Use the HSW theorem to find the product state capacity of the depolarizing channel, \(\Lambda\), defined by \[ \Lambda(\rho) = p\rho + (1-p) \frac{I}{2}. \]

Note we are only dealing with qubits (otherwise \(\Lambda\) would not be trace-preserving). First, note that for any unitary \(U\), we have that \[ \Lambda(U \rho U^*) = pU\rho U^* + (1-p) \frac{I}{2} \] and therefore \(\Lambda(U \rho U^*) = U \Lambda(\rho)U^*\).

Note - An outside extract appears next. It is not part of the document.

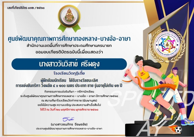 ผู้ฝึกซ้อมนักเรียน ได้รับรางวัลรองชนะเลิศอันดับที่ 1 การแข่งขันกรีฑา วิ่งผลัด4x100 เมตร ประเภท หญิง รุ่นอายุไม่เกิน 10 ปี กิจกรรมการแข่งขันกีฬา-กรีฑานักเรียน ระดับศูนย์พัฒนาคุณภาพการศึกษาทองหลาง-บางอ้อ-อาษา ปีการศึกษา 2568 |

The HSW theorem gives that the product state capacity of \(\Lambda\) is given by \[ \chi^*(\Lambda) = \max_{\{p_x, \rho_x\}} S( \Lambda(\sum_x p_x \rho_x)) - \sum_x p_x S(\Lambda(\rho_x)). \] We can reduce to pure state ensembles \(\{p_x,\psi_x\}\). Then defining the average state \(\rho := \sum_x p_x \psi_x\), we consider \[\begin{aligned} S( \Lambda(\rho)) - \sum_x p_x S(\Lambda(\psi_x)) \end{aligned}\] Since all pure states can be related by unitaries, we have that for each \(x\) and \(y\), there is a unitary \(U\) such that \(\psi_x = U \psi_y U^*\). Thus, \[ S(\Lambda(\psi_x)) = S( \Lambda( U \psi_y U^*)) = S(U \Lambda(\psi_y) U^*) = S(\Lambda(\psi_y)) \] using that the entropy is unitarily invariant. Thus, \(S(\Lambda(\psi_x))\) does not depend on \(x\). To calculate its value, we can extend \(| \psi_x \rangle\) to an orthonormal basis given by \(\{| \psi_x \rangle, | \psi_x \rangle^\perp\}\). Then in this basis, \[ \Lambda(\psi_x) = p\psi_x + (1-p) \frac{I}{2} = \begin{pmatrix} p + \frac{1-p}{2} & 0 \\ 0 & \frac{1-p}{2} \end{pmatrix}. \] Thus, \(S(\Lambda(\psi_x)) = h\left( \frac{1-p}{2}\right)\) where \(h\) is the binary entropy. Since \(\sum_x p_x =1\), we have \[ S( \Lambda(\rho)) - \sum_x p_x S(\Lambda(\psi_x)) = S( \Lambda(\rho)) - h\left( \frac{1-p}{2}\right). \] It remains to maximize the output entropy \(S( \Lambda(\rho))\) over all states \(\rho\). Since \(\Lambda\) is unitarily invariant, we can work in the eigenbasis of \(\rho\), in which case \(\rho = \begin{pmatrix} \lambda & 0 \\ 0 & 1- \lambda \end{pmatrix}\) for some number \(0\leq \lambda\leq 1\). In this basis, we have \[ \Lambda(\rho) = \begin{pmatrix} p \lambda + \frac{1-p}{2}& 0 \\ 0 & p(1- \lambda) + \frac{1-p}{2} \end{pmatrix}. \] Thus, \[ S(\Lambda(\rho)) = h\left(p \lambda + \frac{1-p}{2} \right) = h\left( \frac{1}{2} + p( \lambda - \frac{1}{2})\right) \] Since the binary entropy is maximized at \(\frac{1}{2}\) at which point it takes the value \(\log_2 2 = 1\) (since, e.g. the entropy is maximized on a uniform distribution), \(S(\Lambda(\rho))\) is maximized when \(\lambda = \frac{1}{2}\). Thus, \[ \chi^*(\Lambda) = 1- h\left( \frac{1-p}{2}\right) \] gives the product state capacity of the depolarizing (qubit) channel.